- Predecessor: Ahmose called Si-Tayit
- Successor: Seni
- Dynasty: 18th Dynasty
- Pharaoh: Amenhotep I, Thutmose I
- Father: Ahmose called Si-Tayit
- Children: Ahmose called Patjenna
- Burial: Thebes

= Ahmose called Turo =

Ancient Egyptian official, Viceroy of Kush

Ahmose called Turo (also Ture, Thure or Thuwre) was Viceroy of Kush under Amenhotep I and Thutmose I.

Ahmose called Turo was a son of Ahmose called Si-Tayit. Turo's son Ahmose called Patjenna would continue to serve the royal family during the reigns of Hatshepsut and Thutmose III.

Turo served under pharaoh Ahmose I as Commander of Buhen. Later he served as King's Son (of the Southern Region) under Amenhotep I (inscriptions in Semna, Uronarti). He served under Thutmose I according to inscriptions dating to year 1 and 3. Turo is mentioned in an inscription at West Silsila belonging to the vizier User. This inscription dates to the reign of Hatshepsut. This may be a posthumous mention of the Viceroy. It's possible there were family connections between Turo and User; Turo is shown leading Vizier Amethu's daughters in procession. (Amethu was User's father).

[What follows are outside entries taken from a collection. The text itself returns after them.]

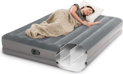 Izbaudiet komfortu jebkur – šis divvietīgais INTEX nopūšamais matracis ir lieliska izvēle kā pagaidu gulta viesiem, ceļošanai vai kempingam. Izturīgs PVC ar patīkamu velūra virsmu novērš palaga slīdēšanu un paaugstina komfortu. Pateicoties pārdomātai iekšējai konstrukcijai, matracis saglabā formu, neieliecas un nodrošina stabilu mugurkaula atbalstu.
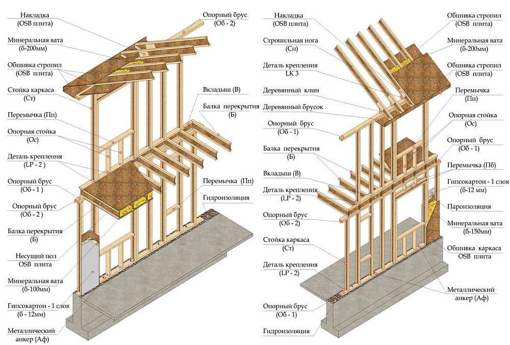 Особое внимание стоит уделить креплению всех элементов, будь то соединения стропильной системы, стоек, обвязки и других частей из бруса
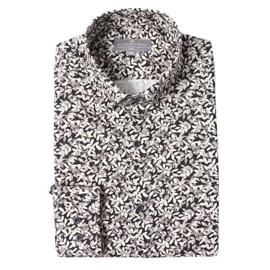 T1P:스넵카라 면100 프린트 세미슬림 긴팔 남방
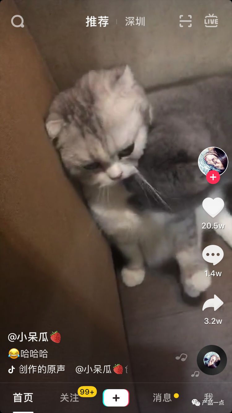 场景:用户打开应用户,直接看到推荐内容,同时提供非常简单的操作,降低用户对视频反馈成本,同时降低用户注意力分散,让用户打开后不用选择,直接看到内容,提升沉浸式体验,这里推荐也从多个角度进行推荐,地理位置(可能通过地理标签形式实现,如喜欢过的一个视频具有典型的地区特征,那么会推送和该地区相关的其他内容),兴趣点(如点赞,分享等),热点内容(火爆)等等
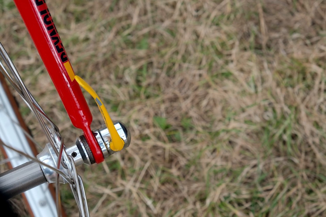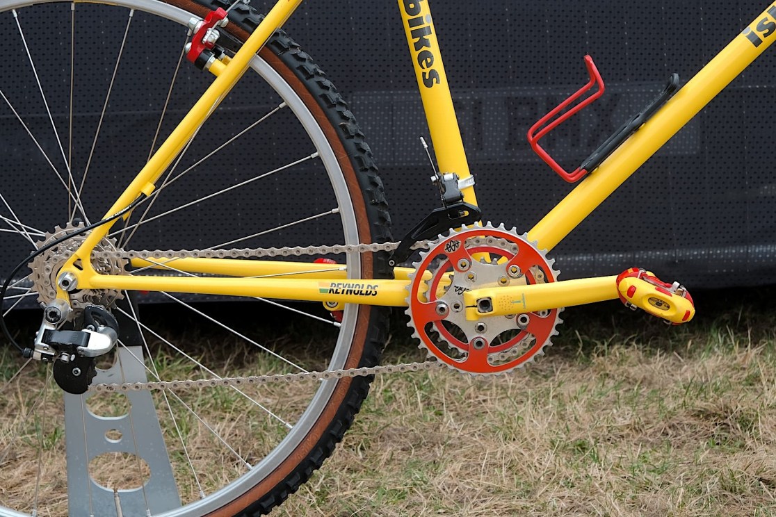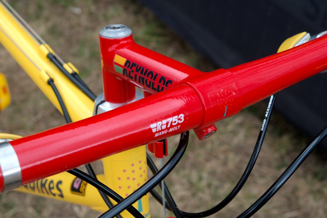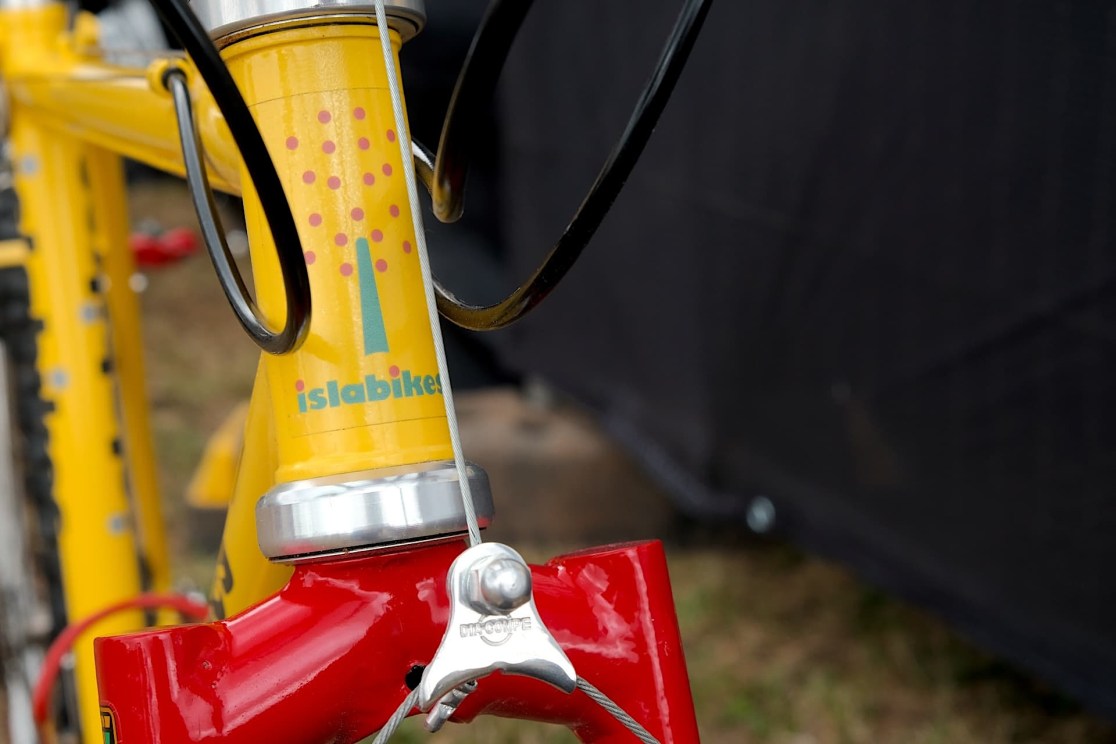 At the Retrobike Show and Shine at the Malverns Classic, this yellow and red bespoke racing machine was on display. It’s one of Isla Rowntree’s own personal bikes, built to meet her precise ideas about what makes a good race bike, and a bike that fits. For those familiar with her children’s range of Islabikes, you’ll see how she carried these features over to the kids’ range.
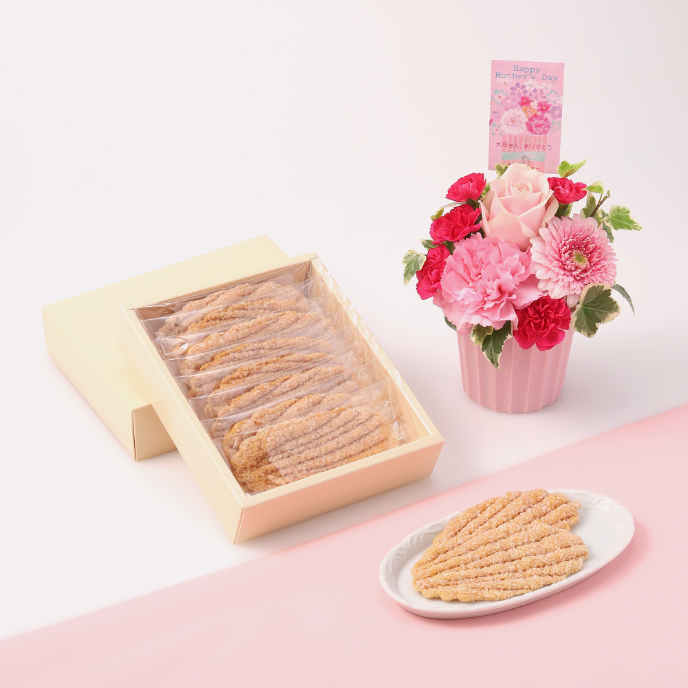 「ウエスト」人気のリーフパイ詰合せと、ピンクの優しい色合いのアレンジメントフラワーを組合せ。「母の日」ならではの組合せギフトです。
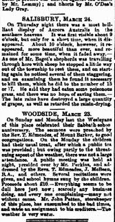 Ellen and John’s first child, Alfred John Patten, was born in Woodside, South Australia in 1868. Woodside is a lovely town in the Adelaide Hills now, but how was it for Ellen back then? She now has a large family and is living in the country instead of the city she’d become accustomed to.
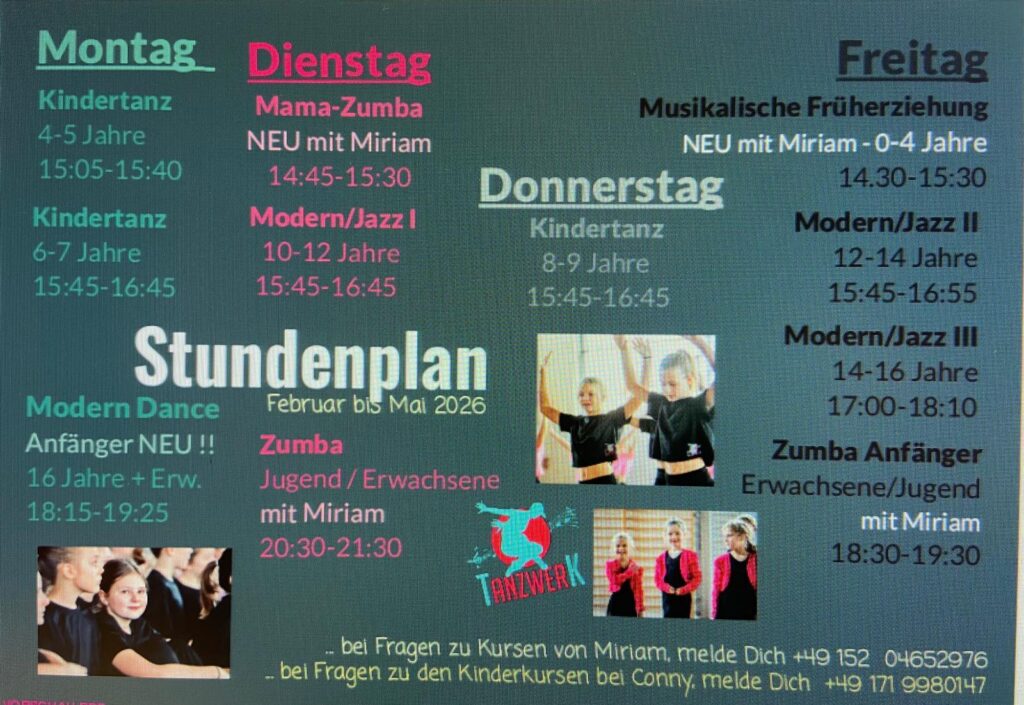 Cornelia Auanger bietet die ganze Woche Tanzstunden für Kinder aller Altersklassen in unseren Räumen an. Ebenso verschiedene Tanz und Zumba Angebote für Jugendliche und Erwachsene.

A coronation decree exists recording the accession of Thutmose I. This unique document is a royal decree issued on the king's coronation day to the Viceroy of Kush, Turo, informing him of the king's accession, fixing the full titulary, the royal name to be used in offering oblations, and the royal name to be used in the oath.

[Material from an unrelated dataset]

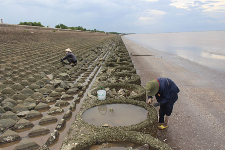 Đã nhiều lần trải nghiệm hành trình mưu sinh cùng người dân xứ biển Gò Công, chúng tôi vẫn tưởng những con hàu sần sùi, sắc lẹm như dao lam chỉ là các mảnh vỏ vô tri, vô giác. Nhưng đâu ngờ, nó là loài mang đến thu nhập cho người dân nơi đây. Không ai nhớ rõ nghề đục hàu lấy ruột ở đê biển Gò Công có từ khi nào, chỉ biết rằng khi đê biển được gia cố bằng bê tông là đã có hàu bám vào. Thoạt nhìn, nhiều người sẽ lầm tưởng đây là vô số mảnh vỏ nằm chen chúc lên nhau. Tuy nhiên, ít người biết rằng sự sống hằng ngày vẫn được duy trì nơi những mảnh vỏ này.
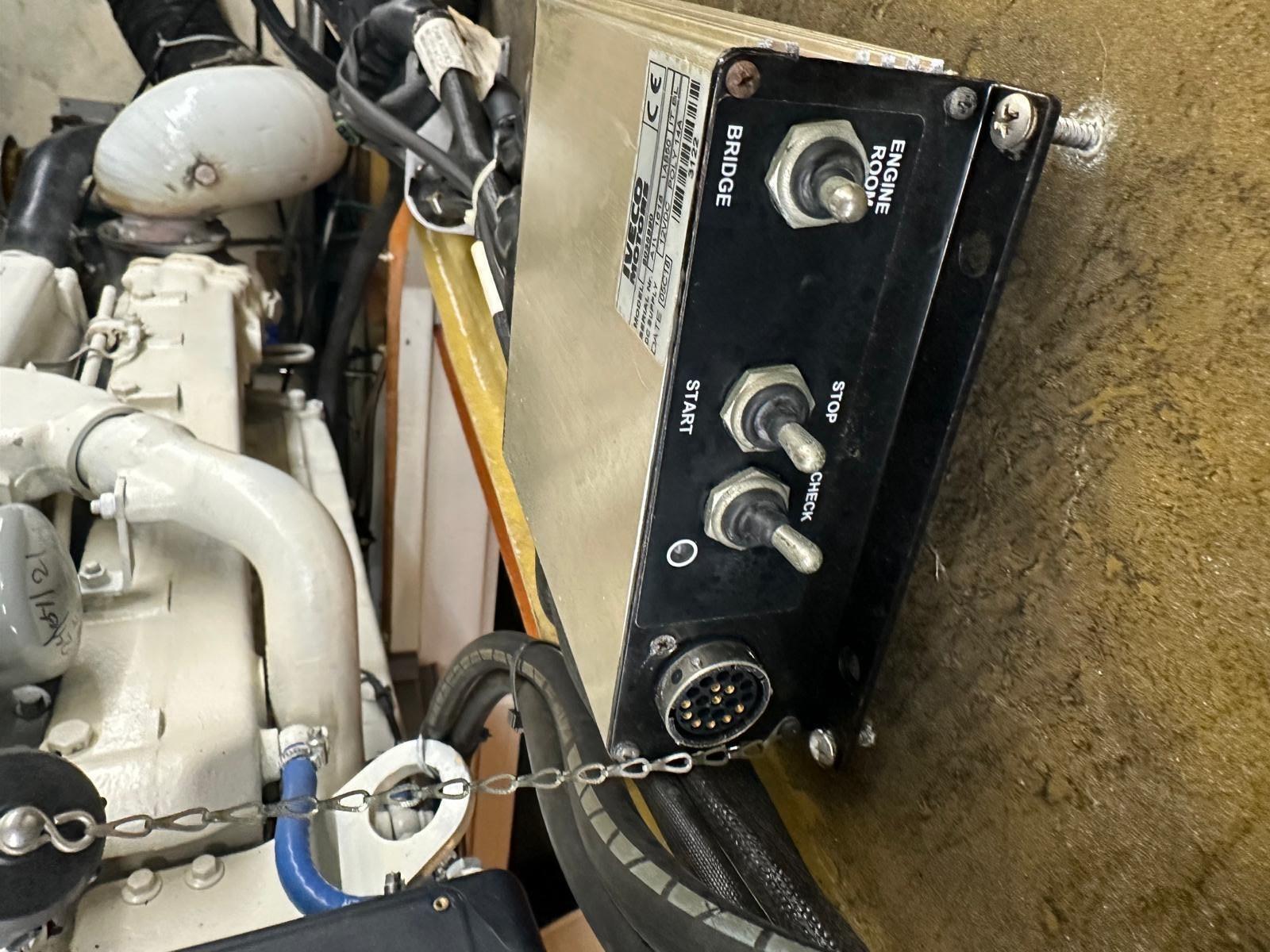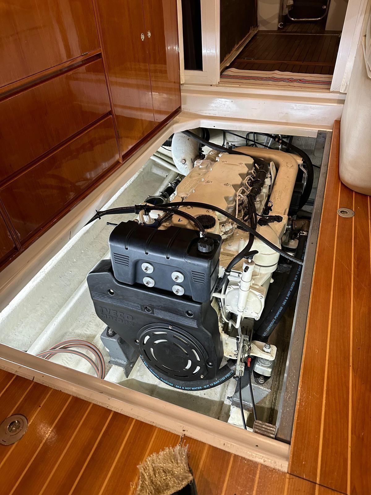Engine Alarm, Water pressure pump, Batteries (nuove), Deck Shower, Directional Spotlight, Hydraulic Flaps, Crane, Gangway (idraulica con telecomndo), Platform, Entry door, Teak Cockpit, Shorepower connector, Water harbor connector system, Voltage Rectifier, Rollbar, Electric Windlass, swimming ladder, cockpit table, Horn.

Behold, there is brought to thee this [commanded of the king in order to inform thee that my majesty has appeared as King of Upper and Lower Egypt upon the Horus-throne of the living, without his like forever. Make my titulary as follows:

Horus : "Mighty Bull, Beloved of Maat;"

Favorite of the Two Goddesses: "Shining in the Serpent-diadem, Great in Strength;"

Golden Horus: "Goodly in Years, Making Hearts Live;"

King of Upper and Lower Egypt: "Aakheperkare;"

Son of Re: "[Thutmose], Living forever, and ever.

The inscriptions in Sehel Island record how Thutmose I traveled south and found the canal of Senusret III (at the first cataract stopped up):

"Year 3, first month of the third season, day 22, under the majesty of the King of Upper and Lower Egypt, Aakheperkare (Thutmose I), who is given life. His majesty commanded to dig this canal, after he found it stopped up with stones, (so that) no ship sailed upon it. He sailed down-stream upon it, his heart glad, having slain his enemies. The king's-son, Turo."

==Burial==
Ahmose called Turo was likely buried in Thebes. A statue of Turo was found in Deir el-Bahari and funerary cones were found in the Theban Necropolis.